My Morning Jacket germoglia a Louisville, stato del Kentucky, più o meno nel '98, quando quattro amici - James Olligen, suo cugino Johnny Quaid, Thomas "Two Tone" Blankenship e Joe Glenn - decidono di "formare la band". Fin da subito Jim James (così volle ribattezzarsi Olligen) e compagni dimostrano di possedere quella tipica vena versatile e obliqua capace di allestire una sintesi sovraccarica di vecchie cose, pervasa però di conseguenze inaudite, qualcosa come una jam band colta da insanabile disincanto.
Nell’esordio The Tennessee Fire (Darla, maggio 1999) le canzoni si aggirano come fantasmi indolenziti, sembrano la faccia scura della luna Flaming Lips (I Think I’m Going To Hell), la sinopia di gesso del sogno cinematico Mercury Rev (They Ran), allibite trepidazioni Grandaddy stemperate in un fosco languore Big Star (War Begun).
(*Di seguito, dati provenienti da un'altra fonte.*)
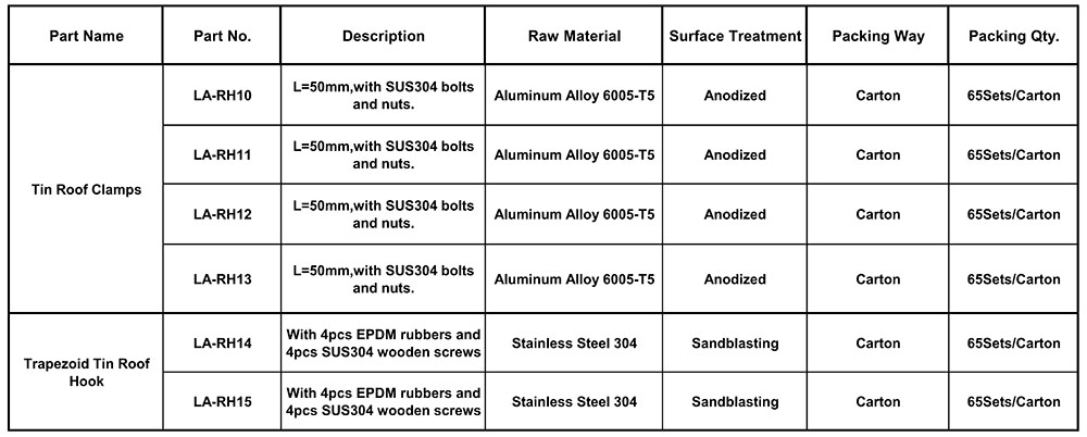 LARGE tin roof hooks are made of high quality aluminum alloy 6005-T5. and stainless steel 304.including the SUS304 hardware screws.
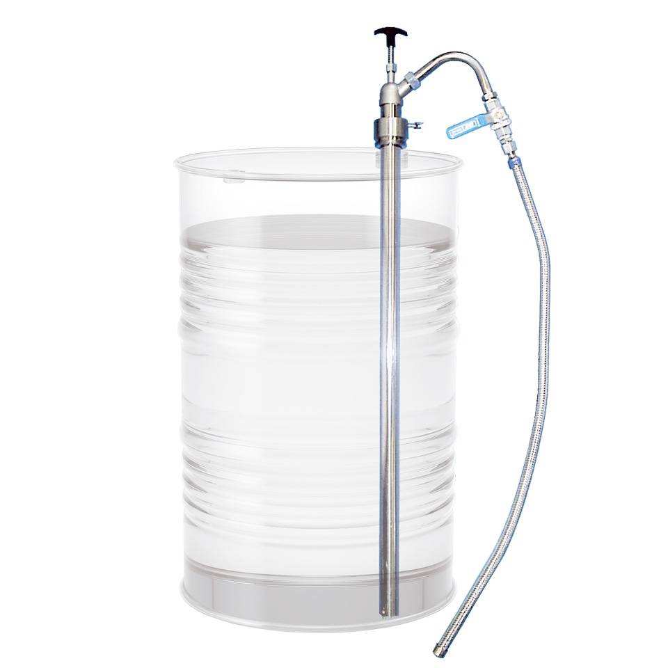 1ストロークの吐出量が600cc。ドラム缶から少量の液体を取出すのに最適なポンプです。
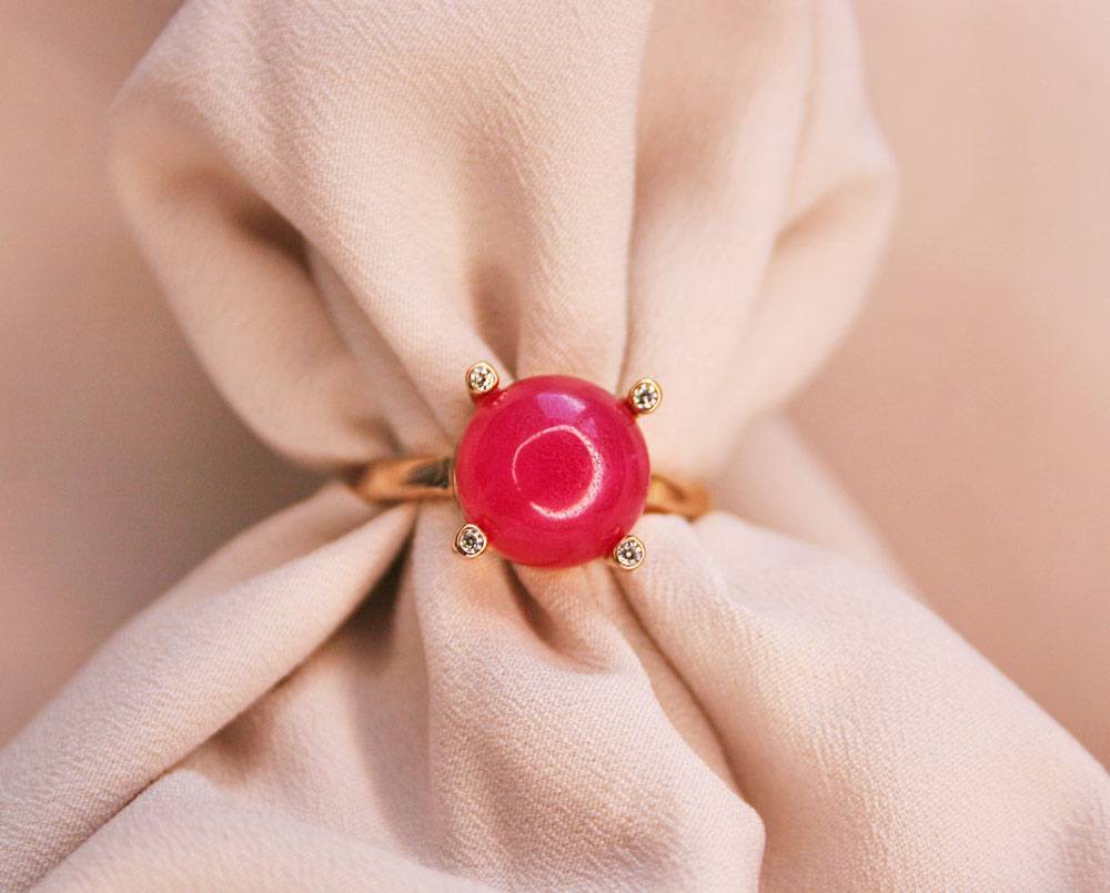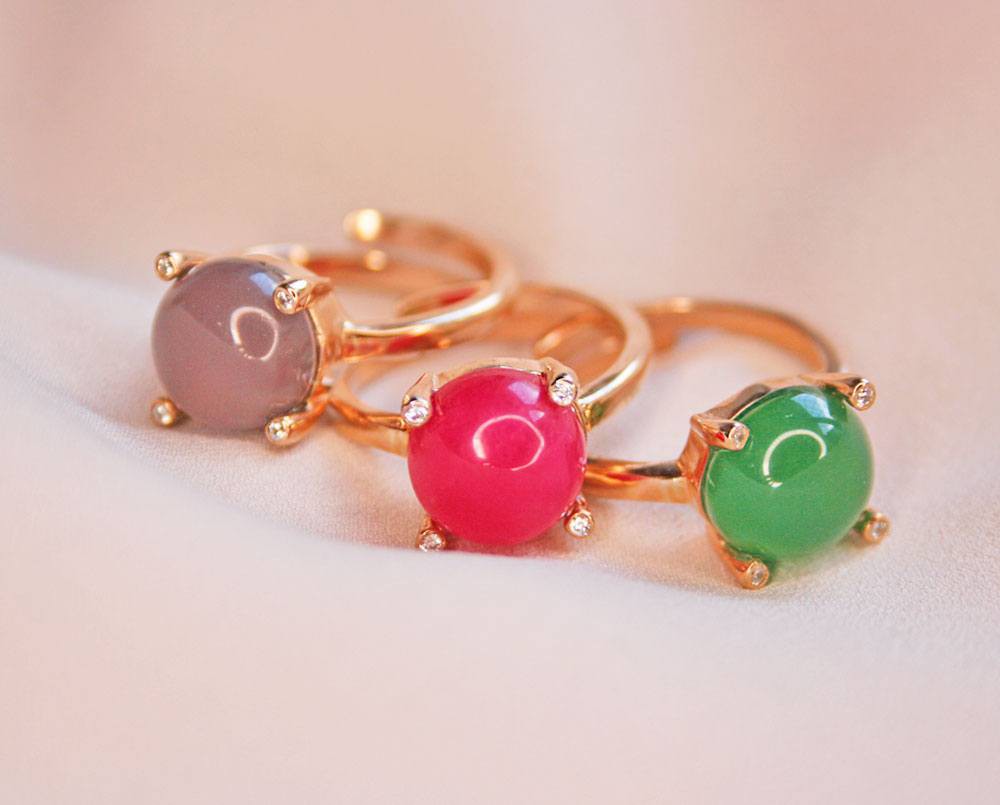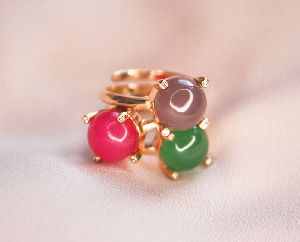 Destaca por una piedra mineral central, sujeta por 4 grapas con circonitas, que puedes escoger en 3 colores diferentes.
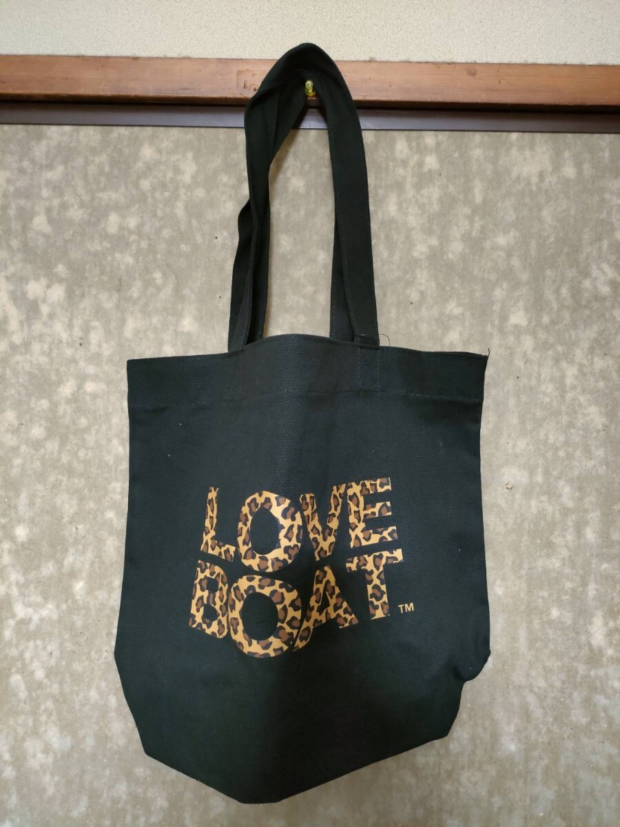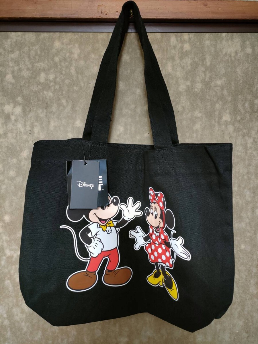 ラブボート&ミッキーとミニーのイラストがかわいい黒のトートバッグです。

Capisci che il DNA spiraleggia attorno ad una ridda di spiriti fifties tipo quelli che già ossessionavano il Lou Reed velvettiano, mischiato a fragori country-psych Crazy Horse e trame vulnerabili Nick Drake. Un eclettismo stilistico e poetico, temporale e geografico che trova conferma nei bootleg, infarciti di cover quali Northern Sky, Dream A Little Dream On Me, Head Held High, Hot Burrito #1, quindi il Dylan di Girl From The North Country, l'Elvis di Suspicious Mind, i The Who di A Quick One, persino l'Elton John di Rocket Man... L’estro è paragonabile a certi Phish tolta la grandeur “gratefuldeaddiana”: simile il tentativo di appropriarsi liberamente del Repertorio Universale, rendendogli ad un tempo palpitante tributo. Missione possibile grazie anche alla straordinaria voce di Jim, capace di armonizzare spersa, profonda, carezzevole. In essa puoi rinvenire l'angoscia pastello del Neil Young di Philadelphia, il Will Oldham meno cinico (ma con più estensione), il Jason Molina più indifeso ed il Jason Lytle colto da inquietudini sull'orlo del futuro.
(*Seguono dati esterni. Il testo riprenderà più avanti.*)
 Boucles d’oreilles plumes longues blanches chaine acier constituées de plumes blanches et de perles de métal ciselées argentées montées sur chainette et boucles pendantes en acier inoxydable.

Tutto ciò viene ribadito nello stupendo At Dawn (Darla, aprile 2001), il suono arricchito dalla new entry Danny Cash, tastierista sensibile i cui landscapes sposano il canto con effetto struggente (vi basti sentire la meravigliosa The Way That He Sings). Ma è appunto in coincidenza di questa consacrazione che le cose iniziano a scricchiolare. Troppo impegnativo forse il baraccone per una band dall'impianto ancora tutto sommato amatoriale (nel senso migliore del termine). Hanno inizio così le defezioni. Il primo ad andarsene è Glenn, rimpiazzato da Patrick Hallahan. Il quintetto viene quindi scritturato dalla ATO per i cui tipi esce It Still Moves (ATO / Sony, 9 settembre 2003), tipico album di transizione verso un sound più stratificato, elettrico e finanche patinato. Un passo abbastanza deciso verso la dimensione "da stadio", l'elettricità che sfrigola corposa e volatile (l'iniziale Mahgeetah), ipotesi Grateful Dead periodo Arista per MTV generation (Dancefloors, Easy Morning Rebel), il che non preclude ballate splendide dall'imprendibile malinconia younghiana (I Will Sing You Songs). Frattanto, Quaid e Cash mollano, sostituiti rispettivamente da Carl Broemel (chitarre, sax e cori) e Bo Koster (tastiere).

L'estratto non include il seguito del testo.